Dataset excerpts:

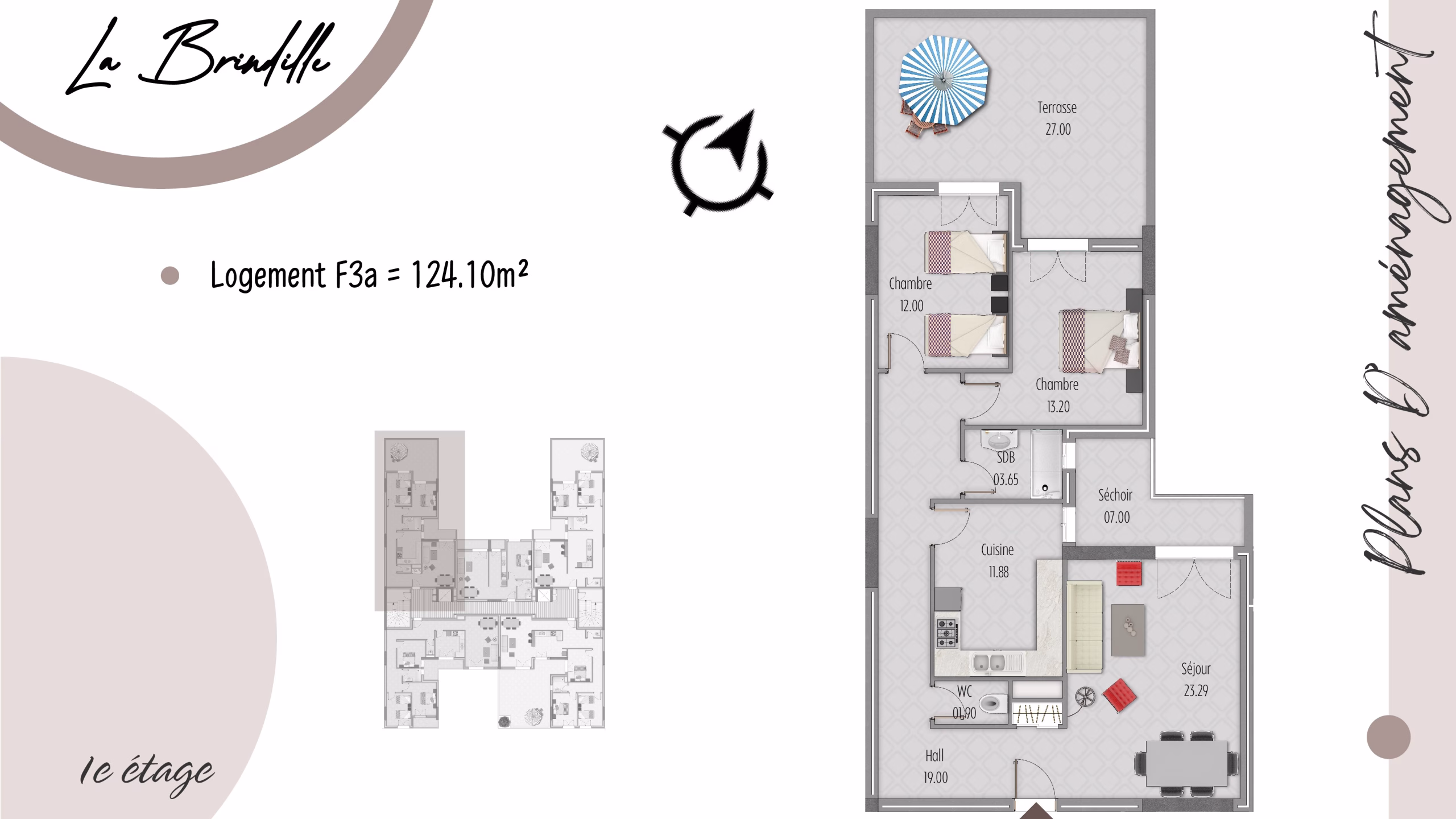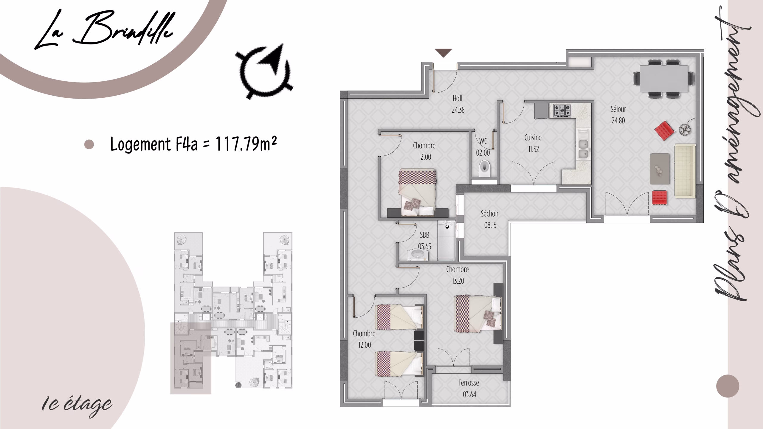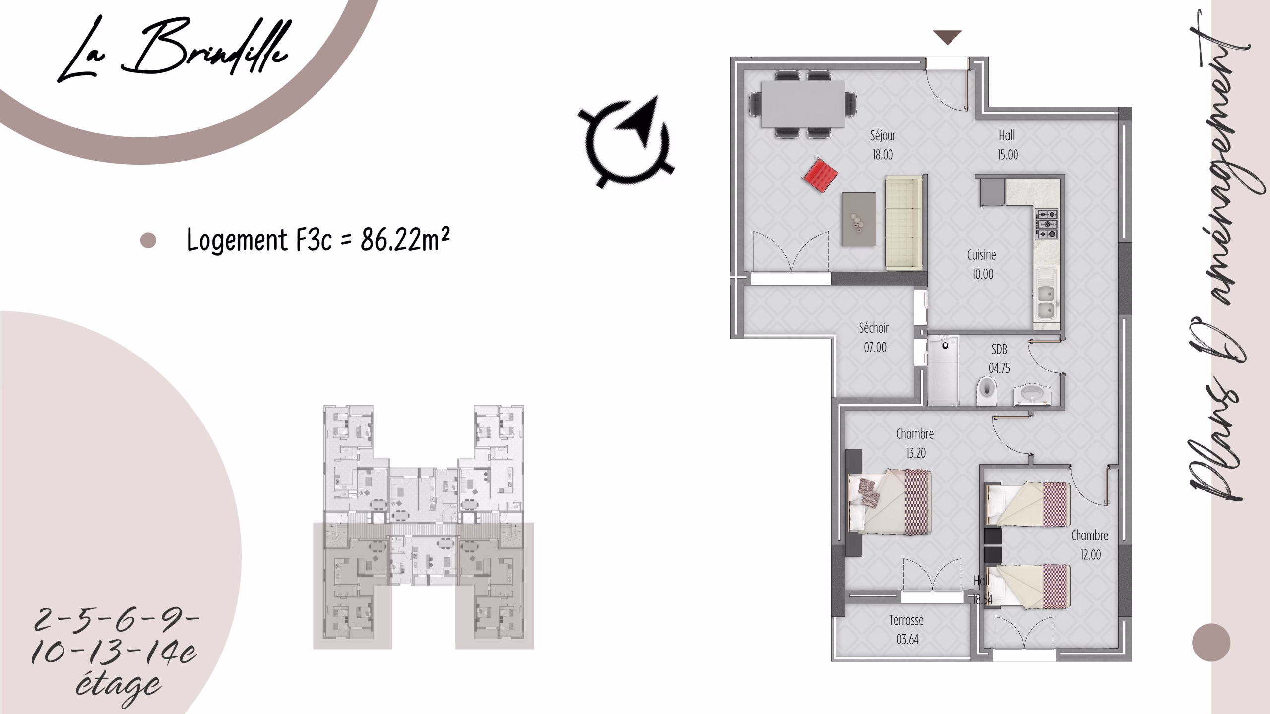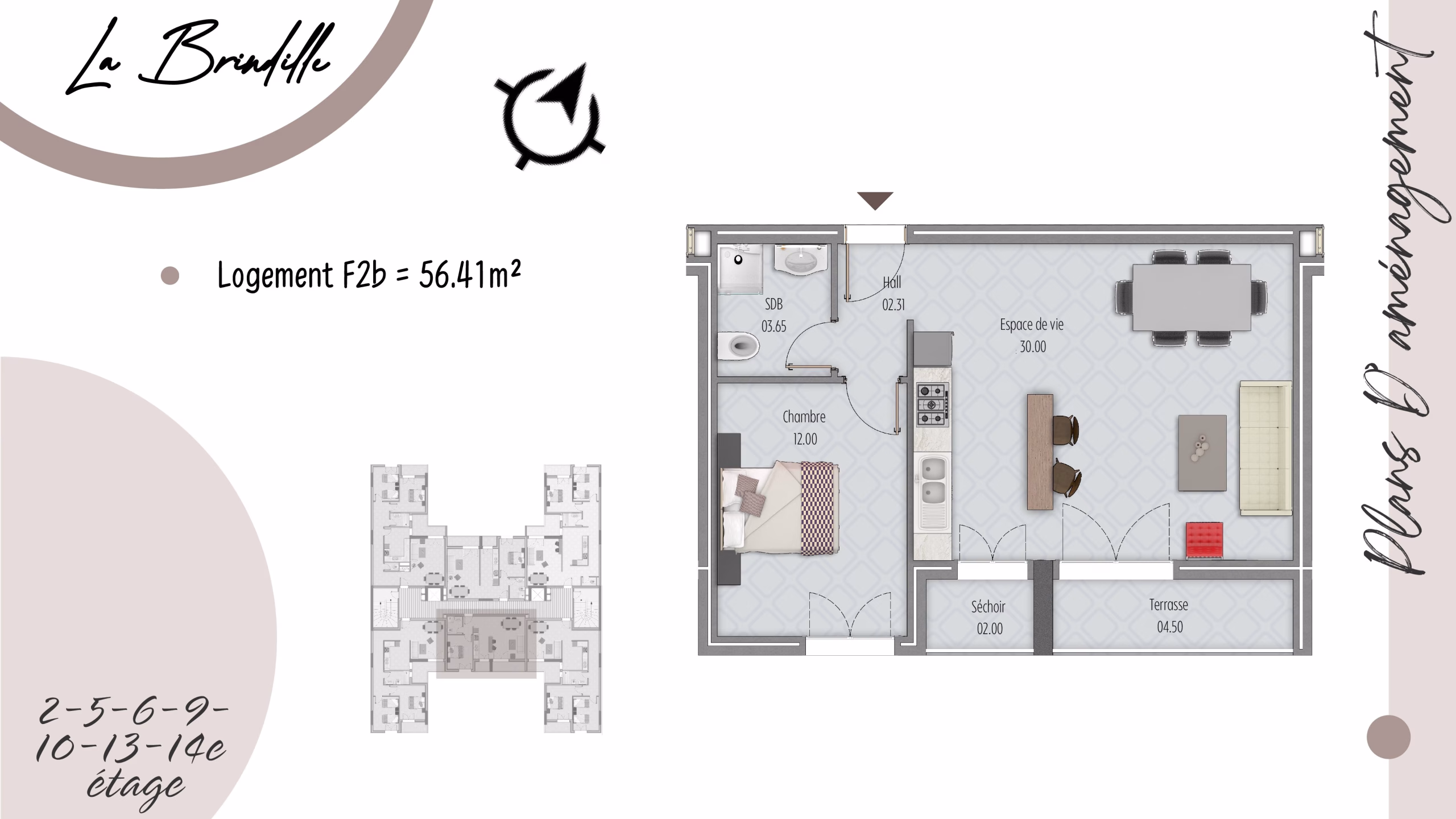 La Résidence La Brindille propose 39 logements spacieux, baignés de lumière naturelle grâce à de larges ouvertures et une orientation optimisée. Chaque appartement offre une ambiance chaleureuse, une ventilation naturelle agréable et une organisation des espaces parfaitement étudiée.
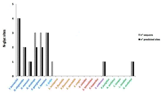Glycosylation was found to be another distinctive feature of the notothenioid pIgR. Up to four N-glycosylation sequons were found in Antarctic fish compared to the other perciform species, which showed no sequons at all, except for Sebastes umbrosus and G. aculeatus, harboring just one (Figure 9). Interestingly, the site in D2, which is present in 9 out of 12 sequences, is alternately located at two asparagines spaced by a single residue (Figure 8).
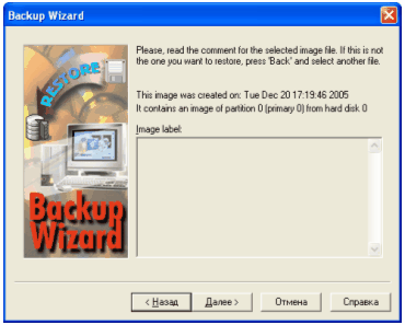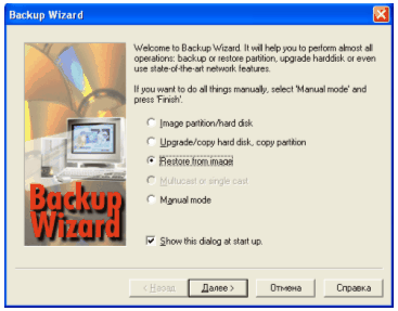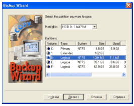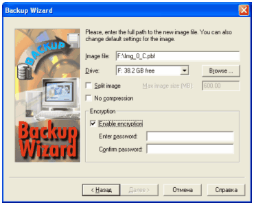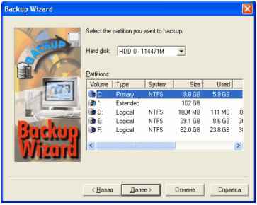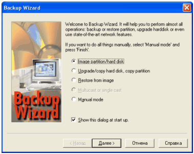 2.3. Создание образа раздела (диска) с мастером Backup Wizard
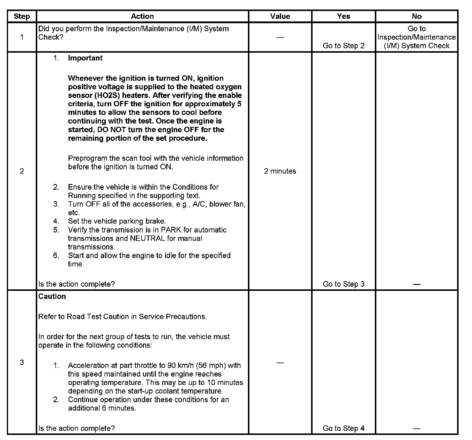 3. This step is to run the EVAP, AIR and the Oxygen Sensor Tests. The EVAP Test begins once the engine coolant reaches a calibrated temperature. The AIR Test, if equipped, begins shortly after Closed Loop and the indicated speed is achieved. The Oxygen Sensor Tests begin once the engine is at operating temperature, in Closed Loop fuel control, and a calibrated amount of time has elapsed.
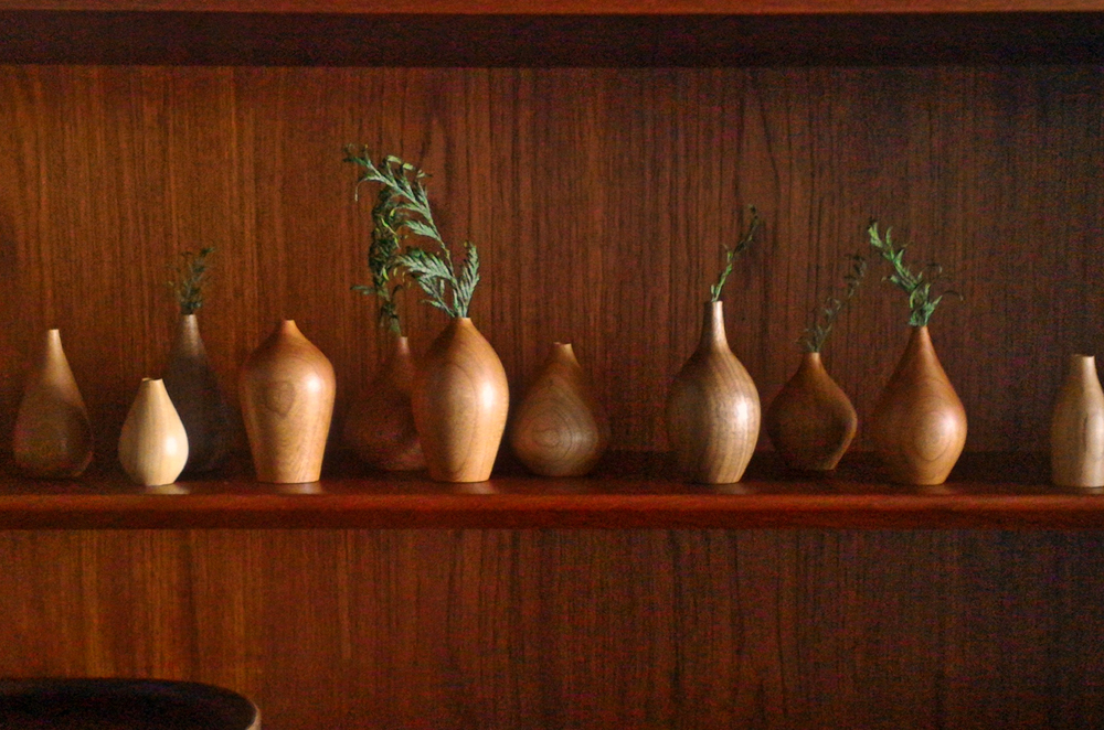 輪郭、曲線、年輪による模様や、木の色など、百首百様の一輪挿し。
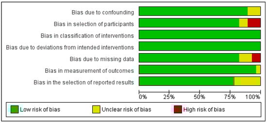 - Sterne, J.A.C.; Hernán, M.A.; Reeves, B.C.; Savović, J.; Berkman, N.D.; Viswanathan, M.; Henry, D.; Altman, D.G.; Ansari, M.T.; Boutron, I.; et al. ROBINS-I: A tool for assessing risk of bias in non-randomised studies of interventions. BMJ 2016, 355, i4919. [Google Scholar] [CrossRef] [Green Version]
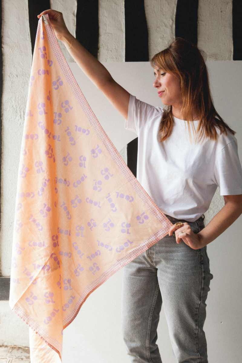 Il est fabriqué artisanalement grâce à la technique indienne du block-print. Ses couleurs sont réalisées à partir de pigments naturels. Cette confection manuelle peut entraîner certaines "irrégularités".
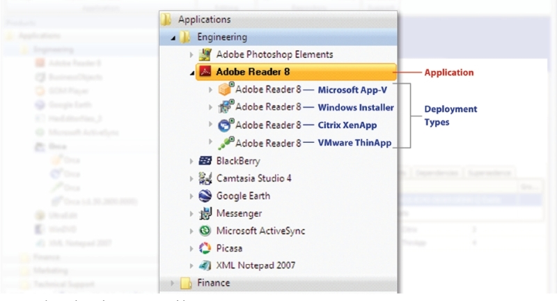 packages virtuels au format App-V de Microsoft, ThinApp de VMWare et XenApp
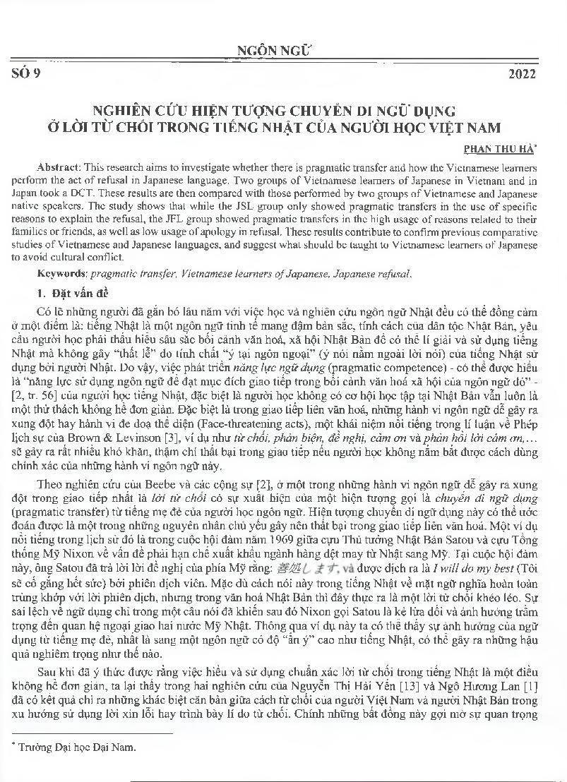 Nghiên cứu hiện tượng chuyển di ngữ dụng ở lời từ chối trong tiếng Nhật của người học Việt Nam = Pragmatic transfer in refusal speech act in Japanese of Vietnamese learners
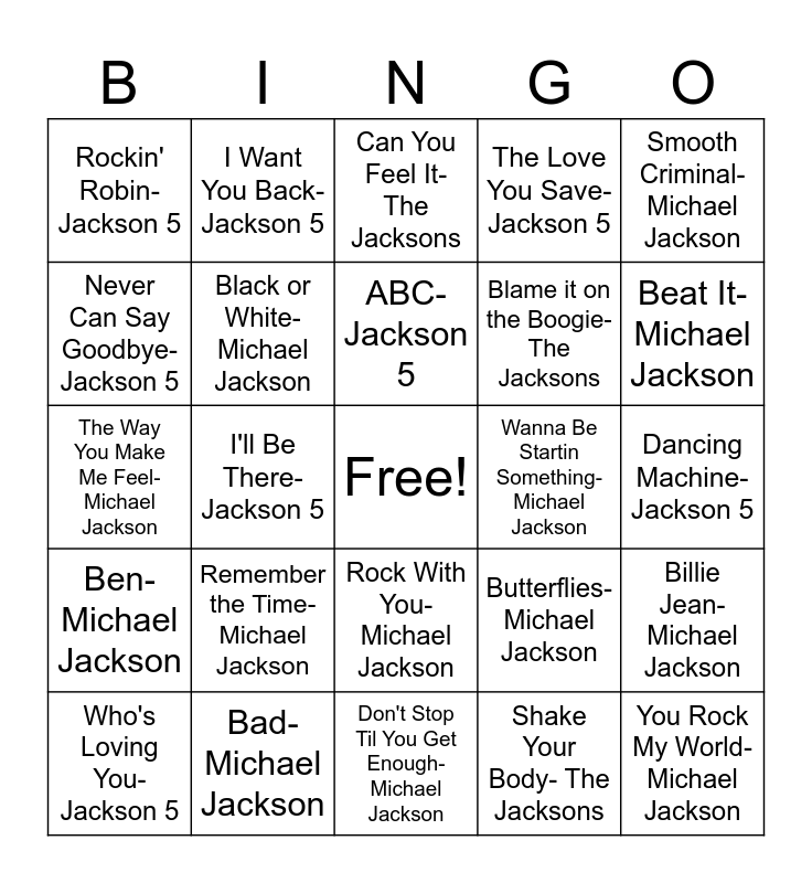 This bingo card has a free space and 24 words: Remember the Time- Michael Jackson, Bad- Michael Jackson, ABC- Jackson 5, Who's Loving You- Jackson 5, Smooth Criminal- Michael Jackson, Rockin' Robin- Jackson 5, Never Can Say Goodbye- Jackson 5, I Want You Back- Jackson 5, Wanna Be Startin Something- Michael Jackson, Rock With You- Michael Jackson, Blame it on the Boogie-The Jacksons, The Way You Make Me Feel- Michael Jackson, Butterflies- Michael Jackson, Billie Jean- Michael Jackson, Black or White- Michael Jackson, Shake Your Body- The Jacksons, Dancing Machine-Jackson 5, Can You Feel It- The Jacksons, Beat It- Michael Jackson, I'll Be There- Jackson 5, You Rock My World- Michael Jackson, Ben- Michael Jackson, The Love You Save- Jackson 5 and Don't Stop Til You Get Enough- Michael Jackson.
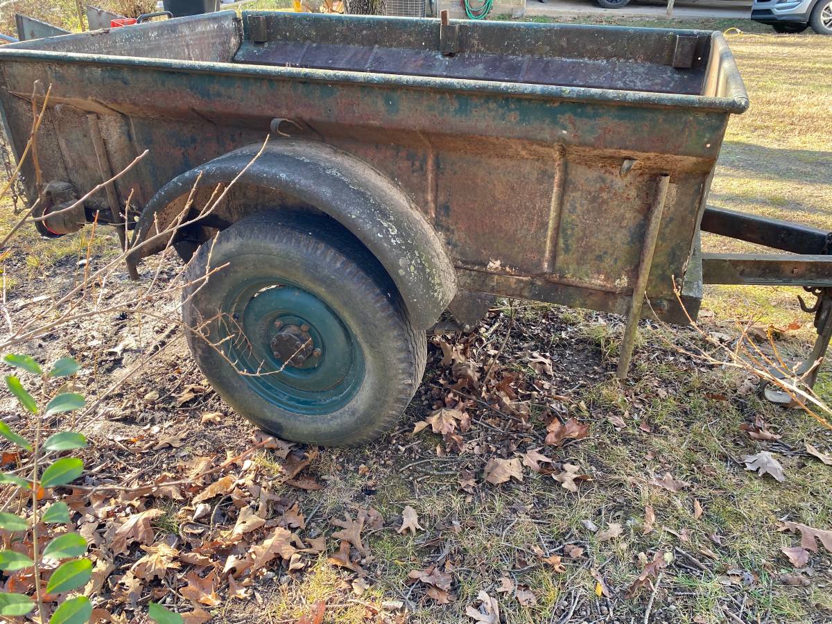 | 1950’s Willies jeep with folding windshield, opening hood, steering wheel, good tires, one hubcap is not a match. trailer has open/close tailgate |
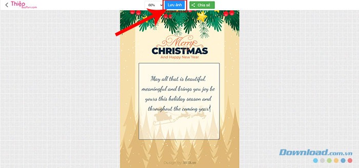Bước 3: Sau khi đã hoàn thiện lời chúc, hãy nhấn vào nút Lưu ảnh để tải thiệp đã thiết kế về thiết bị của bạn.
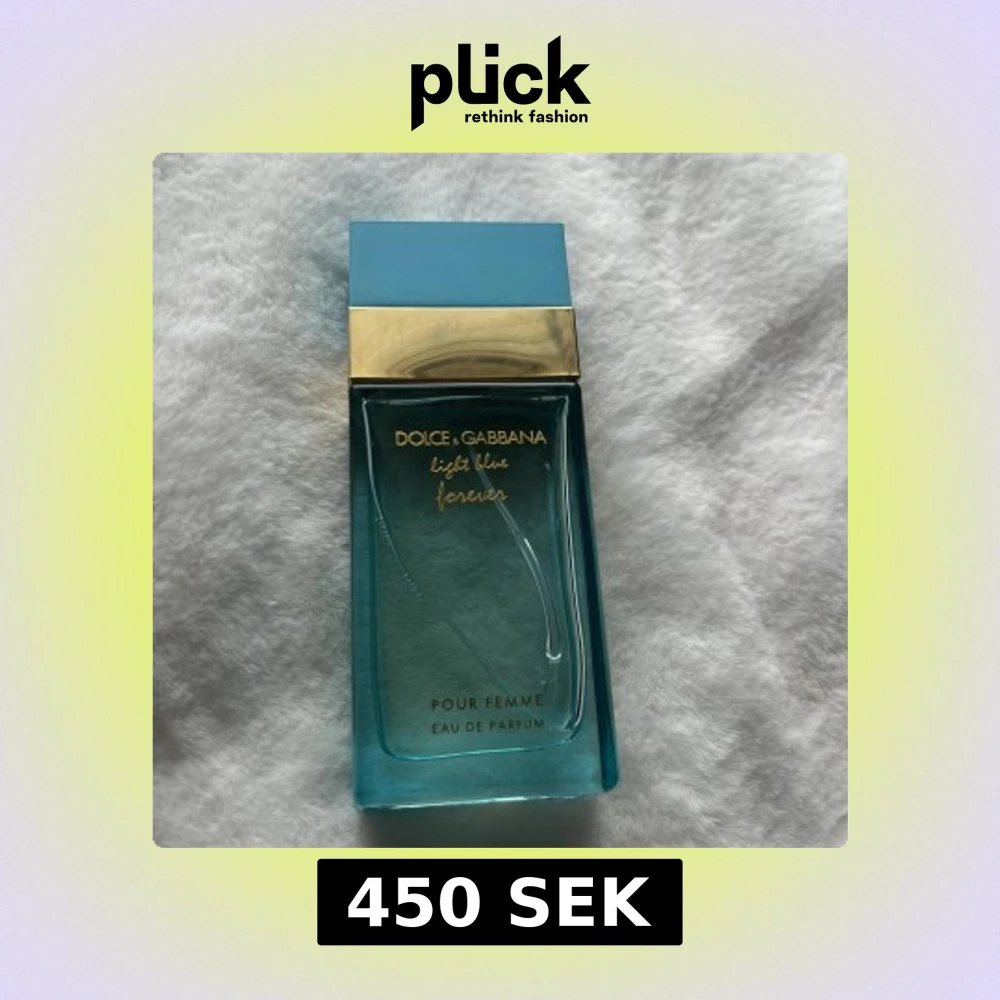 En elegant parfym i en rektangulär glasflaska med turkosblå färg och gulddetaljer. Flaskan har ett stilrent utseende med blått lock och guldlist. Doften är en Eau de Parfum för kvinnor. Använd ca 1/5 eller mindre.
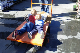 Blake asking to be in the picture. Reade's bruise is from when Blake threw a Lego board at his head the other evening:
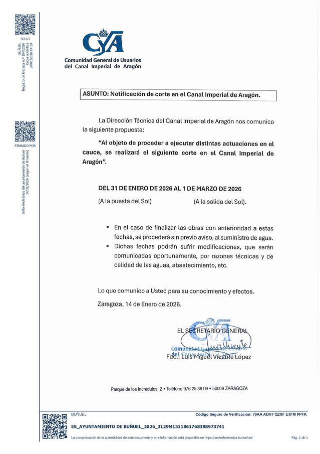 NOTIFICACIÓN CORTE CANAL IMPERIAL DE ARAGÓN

What to work on: In the copy, include no pictures; otherwise transcribe the entries exactly.

Task result:
 La Résidence La Brindille propose 39 logements spacieux, baignés de lumière naturelle grâce à de larges ouvertures et une orientation optimisée. Chaque appartement offre une ambiance chaleureuse, une ventilation naturelle agréable et une organisation des espaces parfaitement étudiée.
Glycosylation was found to be another distinctive feature of the notothenioid pIgR. Up to four N-glycosylation sequons were found in Antarctic fish compared to the other perciform species, which showed no sequons at all, except for Sebastes umbrosus and G. aculeatus, harboring just one (Figure 9). Interestingly, the site in D2, which is present in 9 out of 12 sequences, is alternately located at two asparagines spaced by a single residue (Figure 8).
 2.3. Создание образа раздела (диска) с мастером Backup Wizard
 3. This step is to run the EVAP, AIR and the Oxygen Sensor Tests. The EVAP Test begins once the engine coolant reaches a calibrated temperature. The AIR Test, if equipped, begins shortly after Closed Loop and the indicated speed is achieved. The Oxygen Sensor Tests begin once the engine is at operating temperature, in Closed Loop fuel control, and a calibrated amount of time has elapsed.
 輪郭、曲線、年輪による模様や、木の色など、百首百様の一輪挿し。
 - Sterne, J.A.C.; Hernán, M.A.; Reeves, B.C.; Savović, J.; Berkman, N.D.; Viswanathan, M.; Henry, D.; Altman, D.G.; Ansari, M.T.; Boutron, I.; et al. ROBINS-I: A tool for assessing risk of bias in non-randomised studies of interventions. BMJ 2016, 355, i4919. [Google Scholar] [CrossRef] [Green Version]
 Il est fabriqué artisanalement grâce à la technique indienne du block-print. Ses couleurs sont réalisées à partir de pigments naturels. Cette confection manuelle peut entraîner certaines "irrégularités".
 packages virtuels au format App-V de Microsoft, ThinApp de VMWare et XenApp
 Nghiên cứu hiện tượng chuyển di ngữ dụng ở lời từ chối trong tiếng Nhật của người học Việt Nam = Pragmatic transfer in refusal speech act in Japanese of Vietnamese learners
 This bingo card has a free space and 24 words: Remember the Time- Michael Jackson, Bad- Michael Jackson, ABC- Jackson 5, Who's Loving You- Jackson 5, Smooth Criminal- Michael Jackson, Rockin' Robin- Jackson 5, Never Can Say Goodbye- Jackson 5, I Want You Back- Jackson 5, Wanna Be Startin Something- Michael Jackson, Rock With You- Michael Jackson, Blame it on the Boogie-The Jacksons, The Way You Make Me Feel- Michael Jackson, Butterflies- Michael Jackson, Billie Jean- Michael Jackson, Black or White- Michael Jackson, Shake Your Body- The Jacksons, Dancing Machine-Jackson 5, Can You Feel It- The Jacksons, Beat It- Michael Jackson, I'll Be There- Jackson 5, You Rock My World- Michael Jackson, Ben- Michael Jackson, The Love You Save- Jackson 5 and Don't Stop Til You Get Enough- Michael Jackson.
 | 1950’s Willies jeep with folding windshield, opening hood, steering wheel, good tires, one hubcap is not a match. trailer has open/close tailgate |
Bước 3: Sau khi đã hoàn thiện lời chúc, hãy nhấn vào nút Lưu ảnh để tải thiệp đã thiết kế về thiết bị của bạn.
 En elegant parfym i en rektangulär glasflaska med turkosblå färg och gulddetaljer. Flaskan har ett stilrent utseende med blått lock och guldlist. Doften är en Eau de Parfum för kvinnor. Använd ca 1/5 eller mindre.
 Blake asking to be in the picture. Reade's bruise is from when Blake threw a Lego board at his head the other evening:
 NOTIFICACIÓN CORTE CANAL IMPERIAL DE ARAGÓN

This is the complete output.